Open AI Assistants : how to get the token count?

Hi there,

I would like to create a platform where users can setup an OpenAi Assistant and then use it to create threads.

I would like to retrieve the token consumption of each API call that the user makes so I can charge him/her accordingly.

I don’t seem to find any mention of this anywhere. Looks like it’s only available when using Completions.

I’ve looked at the headers of my requests, no field concerning token consumption.

Do you guys know how I can get this information through API calls? Thank you

2 Likes

You could use a platform like langfuse or for just the tokens of text you can use the tokenizer from openai.

So I would need to make an API call for each API call I make? Is there not a way for each API call to return the token consumption as well ?

I am not sure about the exact use of both. But the Tokenizer is just a lokal programm you can call without api. And as i understand it, langfuse is like a api layer between you and OpenAI.
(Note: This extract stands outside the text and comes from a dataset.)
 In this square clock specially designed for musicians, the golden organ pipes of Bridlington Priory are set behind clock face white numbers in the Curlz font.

Using langfuse seems like a lot of work only to retrieve a token amount. The problem is that OpenAI assistants are still on Beta so not finished. But no way if they’re planning on returning the token consumption…

1 Like

Short answer is that you can’t really predict the token usage at the moment, particularly when using functions or the available tools (retrieval, code interpreter).

This has been widely requested but as far as we know, there has been no improvement on the Assistants API since its initial beta launch on November.
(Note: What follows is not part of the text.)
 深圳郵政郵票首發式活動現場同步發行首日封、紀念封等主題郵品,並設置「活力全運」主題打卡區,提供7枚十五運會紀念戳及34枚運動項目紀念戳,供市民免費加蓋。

Also, the tool itself has been widely replicated. I’d encourage you to build something that goes beyond a UI for the assistant API.

Best of luck,

2 Likes

No way for getting it through API calls
The way I’ve been doing it is just counting tokens and simulating the completion calls lifecycle, and it’s close enough

1 Like

Thanks Jorge, I think I’ll wait till they improve this part. Thanks for your help anyway :wink:

1 Like

Assuming you are following the steps outlined here on how to use the Assistants API, the following method should work for you!
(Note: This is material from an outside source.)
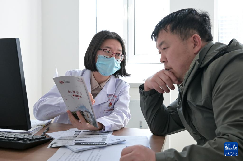 3月21日,寧夏中醫醫院暨中醫研究院營養科副主任劉慧芳(左)結合“肥胖飲食”手冊,為患者制定減重飲食計劃。

Using the assistants endpoint, you can access the token count via the runs object.

After you’ve create a thread, added a message to the thread, and run the assistant, you must wait for the run to finish. The run data includes the usage (prompt tokens, completion tokens & total tokens) in the output.

The output will look like this:

"usage": {
     "prompt_tokens": 123,
     "completion_tokens": 456,
     "total_tokens": 579
}

This data is available via the List runs, List run steps, Retrieve run, Retrieve run step, and Modify run endpoints.

You can create a function that adds each individual API calls token count by run or even add up the total of each run to get a total (conversation) count.

You can see what data is available from the run object here.

Good luck!

6 Likes

if (Run.status === “completed”) {
console.log(“\n”);
console.log(`terminal’,Run.usage.total_tokens)
}

1 Like

Hi @jorgeintegrait , sorry to bother you, but I wanted to know if there has been any improvement yet. I’ve been working with an assistant and using retrieval as a tool, and when I use run.usage , the number of tokens that I get is not the same as mentioned on the API. Even for the Number of requests, if I use the assistant once, the number of requests on the API is about 16. Thank you in advance.

The important number is the token count, not so much the API calls, as OpenAI doesn’t charge per call.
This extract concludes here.